→ Data provided:
Content starts

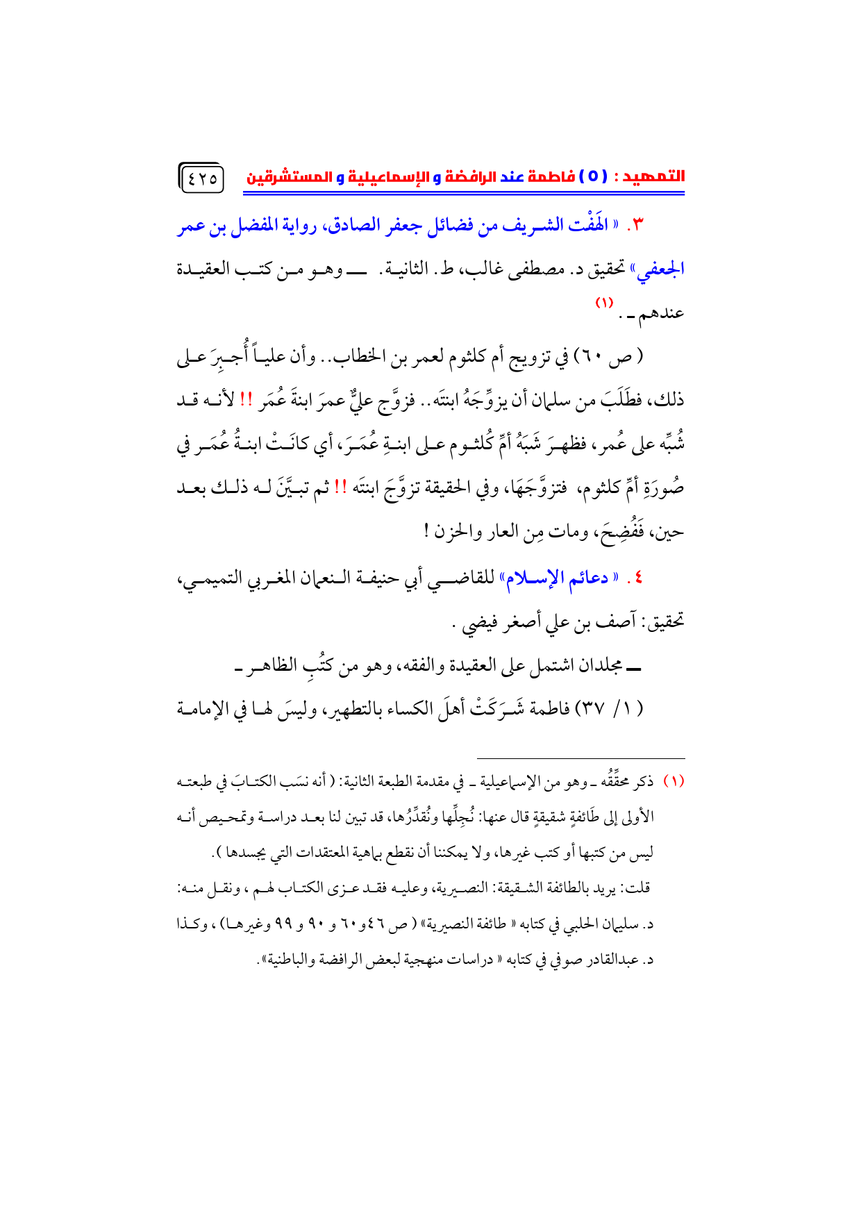 ٣. «الهَفْت الشريف من فضائل جعفر الصادق، رواية المفضل بن عمر الجعفي» تحقيق د. مصطفى غالب، ط. الثانية. ــ وهو من كتب العقيدة عندهم ـ. (¬١)
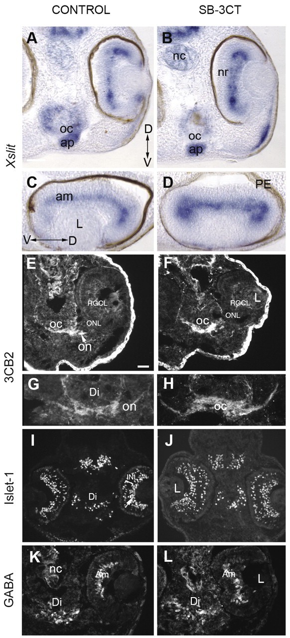 Fig. 5. Optic pathway apparently unaffected by MMP inhibition. Embryos were exposed at stage 31 to either a control solution (A,C,E,G,I,K) or 25 μM SB-3CT (B,D,F,H,J,L). At stage 37/38, embryos were fixed. (A-D) Embryos were processed as wholemounts for in situ hybridization for Xenopus slit mRNA. Vibratome sections (50 μm) were cut. The ventral diencephalon at the level of the optic chiasm is represented in A,B, and eye sections are shown in C,D. (E-H) Immunoreactivity for the glial cell marker 3CB2. (G,H) Higher power views of E,F, showing the optic nerves and the optic chiasm in the ventral diencephalon. (I,J) Islet 1 immunoreactivity showing label in the ventral region of the diencephalon adjacent to the optic chiasm, and labelling of RGCs and cells in the inner nuclear layer in the retina. (K,L) GABA immunoreactivity showing labelling of amacrine cells in the inner nuclear layer, and a population of neurons in the ventral diencephalon. L, lens; nc, notochord; ap, anterior lobe of the pituitary body; nr, neural retina; PE, pigment epithelium; oc, optic chiasm; on, optic nerve, RGCL, RGC layer; Am, amacrine cells; INL, inner nuclear layer; ONL, outer nuclear layer; Di, diencephalon. D, dorsal; V, ventral. Orientation in A is for A,B,E,L, and orientation in C is for C,D. Scale bars: in A, 50 μm for A,B; 25 μm for C,D; in E, 50 μm for E,F,I,L; 25 μm for G,H.
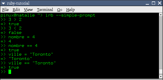 Dans Ruby, il est possible d'effectuer plusieurs actions en fonction d'une série de conditions, en utilisant le mot magique if. Voici un exemple:

Content ends

→ Aim of the exercise:
Strip the images and return the remaining data exactly.

→ Problem solution:
 ٣. «الهَفْت الشريف من فضائل جعفر الصادق، رواية المفضل بن عمر الجعفي» تحقيق د. مصطفى غالب، ط. الثانية. ــ وهو من كتب العقيدة عندهم ـ. (¬١)
 Fig. 5. Optic pathway apparently unaffected by MMP inhibition. Embryos were exposed at stage 31 to either a control solution (A,C,E,G,I,K) or 25 μM SB-3CT (B,D,F,H,J,L). At stage 37/38, embryos were fixed. (A-D) Embryos were processed as wholemounts for in situ hybridization for Xenopus slit mRNA. Vibratome sections (50 μm) were cut. The ventral diencephalon at the level of the optic chiasm is represented in A,B, and eye sections are shown in C,D. (E-H) Immunoreactivity for the glial cell marker 3CB2. (G,H) Higher power views of E,F, showing the optic nerves and the optic chiasm in the ventral diencephalon. (I,J) Islet 1 immunoreactivity showing label in the ventral region of the diencephalon adjacent to the optic chiasm, and labelling of RGCs and cells in the inner nuclear layer in the retina. (K,L) GABA immunoreactivity showing labelling of amacrine cells in the inner nuclear layer, and a population of neurons in the ventral diencephalon. L, lens; nc, notochord; ap, anterior lobe of the pituitary body; nr, neural retina; PE, pigment epithelium; oc, optic chiasm; on, optic nerve, RGCL, RGC layer; Am, amacrine cells; INL, inner nuclear layer; ONL, outer nuclear layer; Di, diencephalon. D, dorsal; V, ventral. Orientation in A is for A,B,E,L, and orientation in C is for C,D. Scale bars: in A, 50 μm for A,B; 25 μm for C,D; in E, 50 μm for E,F,I,L; 25 μm for G,H.
 Dans Ruby, il est possible d'effectuer plusieurs actions en fonction d'une série de conditions, en utilisant le mot magique if. Voici un exemple:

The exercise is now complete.